Sausage recommended, but not required.

By Jessica Pasko

So about a year ago, some friends turned me on to Hawthorne Valley's lacto-fermented sauerkraut and now, no other kraut can compare.

It's crispy, it's tangy, it's almost, well, effervescent. It's eat-straight-from-the-jar-good. No sausage required. It will give your Oktoberfest that certain je ne sais quoi. ]

And it's the brain child of a guy called Sauerkraut Seth.

No, really. That's what they call him.

Martha Stewart claims to be a fan of "Sauerkraut" Seth Travins' kraut, and you can get the stuff at "Top Chef" judge Tom Colicchio's 'Wichcraft sandwich joints.

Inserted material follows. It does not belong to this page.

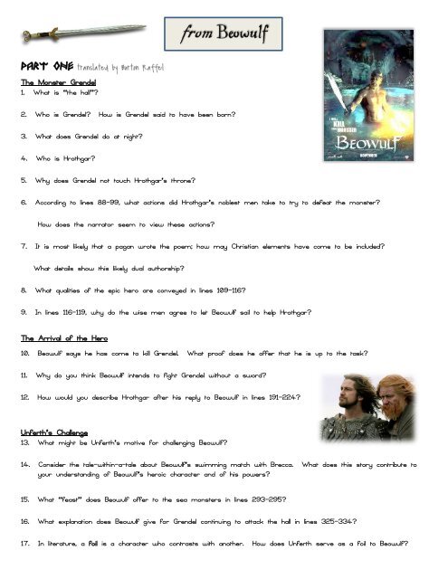 Beowulf Study Questions Engl 200 Literary Texts And Contexts Studocu

Travins, has been making his kraut at Hawthorne Valley Farm in Ghent for about a decade now. He first came there from Queens as part of a visiting students project.

As an apprentice on the farm in 1999, Travins attended a workshop where someone was serving their own homemade sauerkraut - which he says was like nothing he'd ever tasted. That taste, combined with that season's bumper crop of cabbage, caused him to have something of a "eureka!" moment. He started experimenting and pretty soon, he'd created his own kraut - and it was delicious.

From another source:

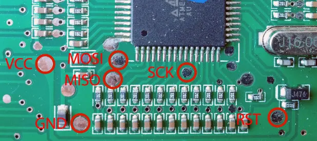 You can also see I soldered some pin headers on the In System Programmer (ISP) header.

So, what's so special about it? Well, for one thing he uses lacto-fermenation. It's an ancient process, but a very efficient one. See, most commercial sauerkraut is canned using heat, but Seth's is raw -- the plain variety contains just cabbage, sea salt and water. The sugars in the cabbage convert to lactic acid and cause the fermentation.

The sauerkraut, and the fact that there was already another Seth on the farm, earned him his nickname, "Sauerkraut Seth."

What started out as just a few barrels has now turned into a venture that can produce 20-30,000 pounds of the stuff a year. Travins says October is pretty much prime kraut-making season. Apparently after a couple of frosts, the cabbage has a higher sugar concentration, which makes for a better product. Once it's shredded and packed into 300-pound barrels, it can take up to two months to ferment into the perfect kraut. Getting a really good batch of cabbage, he says, feels like spinning straw into gold. He says, "You kind start to become part of the flow of the creation process."

Seth has branched out a bit from plain sauerkraut. These days he makes several varieties including caraway, jalapeno, curry and ruby red. He also makes a lacto-fermented kim chee, gingered carrots, pickles and a few other items.

Yes, they are a little pricier (a jar of the plain kind costs about $5-6) than the stuff you find in a can at the grocery store. But Hawthorne Valley is a teaching farm and school, so you can be sure your kraut isn't being made by poorly paid migrant workers. And it's made with organic, locally grown ingredients. And oh yeah, did I mention that it's really good?

Locally, you can get Seth's products at the Honest Weight Co-op, from the farm's store or online .

So what does sauerkraut go with? Seth says he eats the kraut (especially the curry kraut) with everything, including eggs -- and often just straight from the jar.


Comments

Sauerkraut is actually great in tuna salad--gives it crunch and tang.

Dear AOA/Jess,
Glad you like the stuff. I got hooked on it via a recommendation from "almost-foodie rene." Looks like a new flavor in the photo-- I don't remember curry-flavored kraut. mmmm. It's good stuff-- nice article, too.